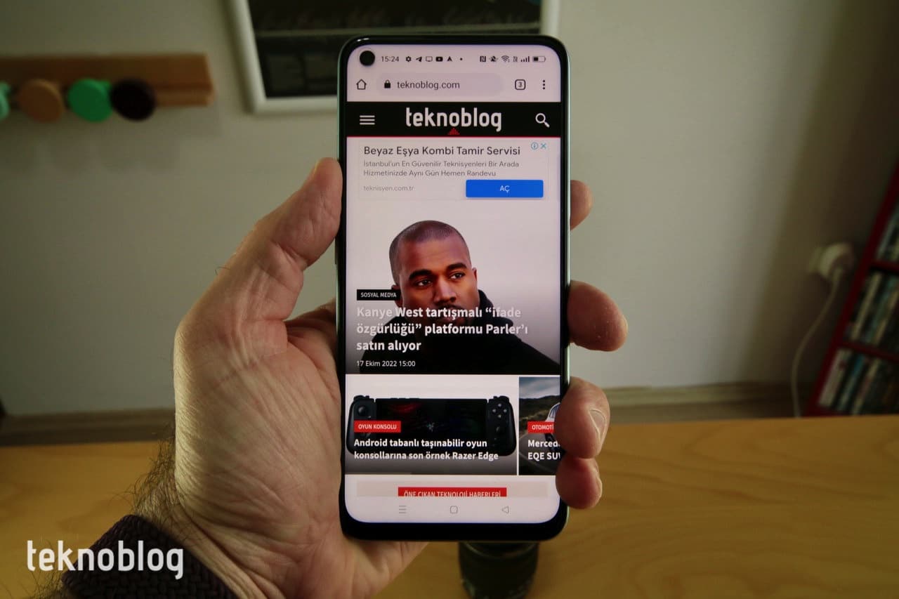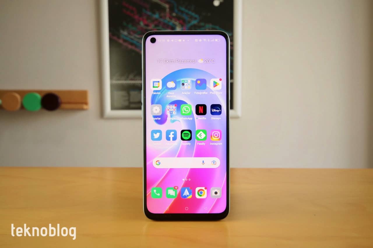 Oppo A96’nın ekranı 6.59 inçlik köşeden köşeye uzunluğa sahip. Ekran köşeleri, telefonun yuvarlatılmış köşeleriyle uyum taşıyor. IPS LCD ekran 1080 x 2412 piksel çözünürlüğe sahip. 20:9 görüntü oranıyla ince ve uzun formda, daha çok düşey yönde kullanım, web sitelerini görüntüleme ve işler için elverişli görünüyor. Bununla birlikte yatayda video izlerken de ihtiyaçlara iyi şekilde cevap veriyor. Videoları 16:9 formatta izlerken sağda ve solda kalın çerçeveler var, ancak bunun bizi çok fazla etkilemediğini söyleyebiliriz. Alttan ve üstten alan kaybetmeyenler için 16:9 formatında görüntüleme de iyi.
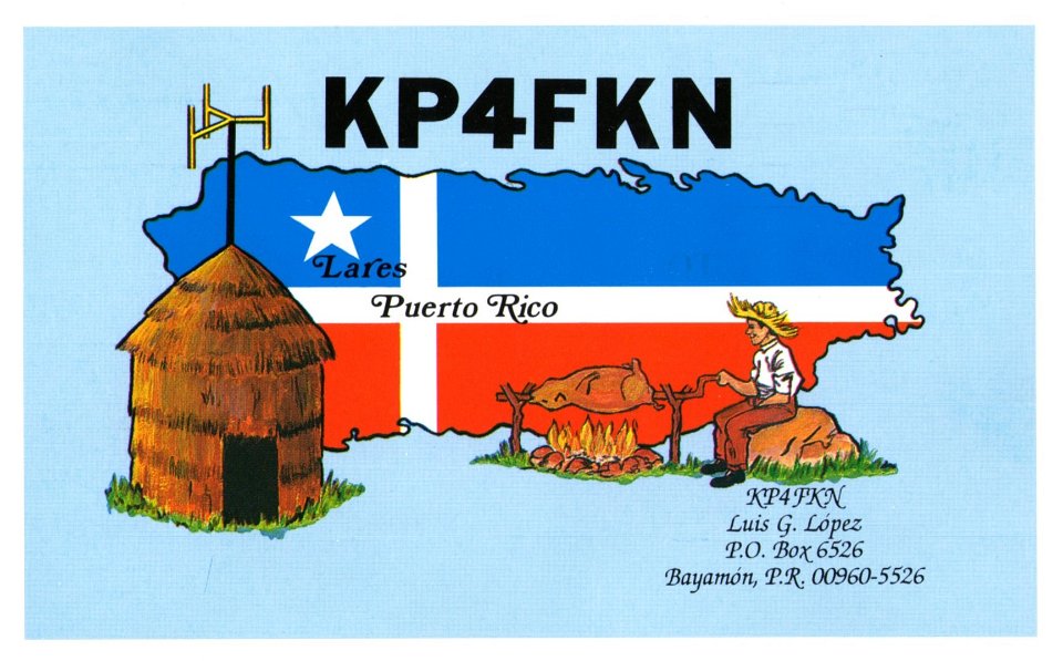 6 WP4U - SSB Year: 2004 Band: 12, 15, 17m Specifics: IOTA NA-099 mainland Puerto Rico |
----------
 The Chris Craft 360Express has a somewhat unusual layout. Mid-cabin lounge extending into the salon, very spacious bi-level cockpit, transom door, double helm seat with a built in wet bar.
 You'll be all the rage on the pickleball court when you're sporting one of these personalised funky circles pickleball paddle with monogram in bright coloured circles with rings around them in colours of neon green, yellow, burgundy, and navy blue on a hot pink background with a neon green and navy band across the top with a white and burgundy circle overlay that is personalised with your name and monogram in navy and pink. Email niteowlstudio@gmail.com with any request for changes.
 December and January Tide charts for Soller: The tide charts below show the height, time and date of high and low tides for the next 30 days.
----------
> _Your goal_
Look through the data above for the word "with". Report each line where it occurs.

> _Solution to this exercise_
 The Chris Craft 360Express has a somewhat unusual layout. Mid-cabin lounge extending into the salon, very spacious bi-level cockpit, transom door, double helm seat with a built in wet bar.
 You'll be all the rage on the pickleball court when you're sporting one of these personalised funky circles pickleball paddle with monogram in bright coloured circles with rings around them in colours of neon green, yellow, burgundy, and navy blue on a hot pink background with a neon green and navy band across the top with a white and burgundy circle overlay that is personalised with your name and monogram in navy and pink. Email niteowlstudio@gmail.com with any request for changes.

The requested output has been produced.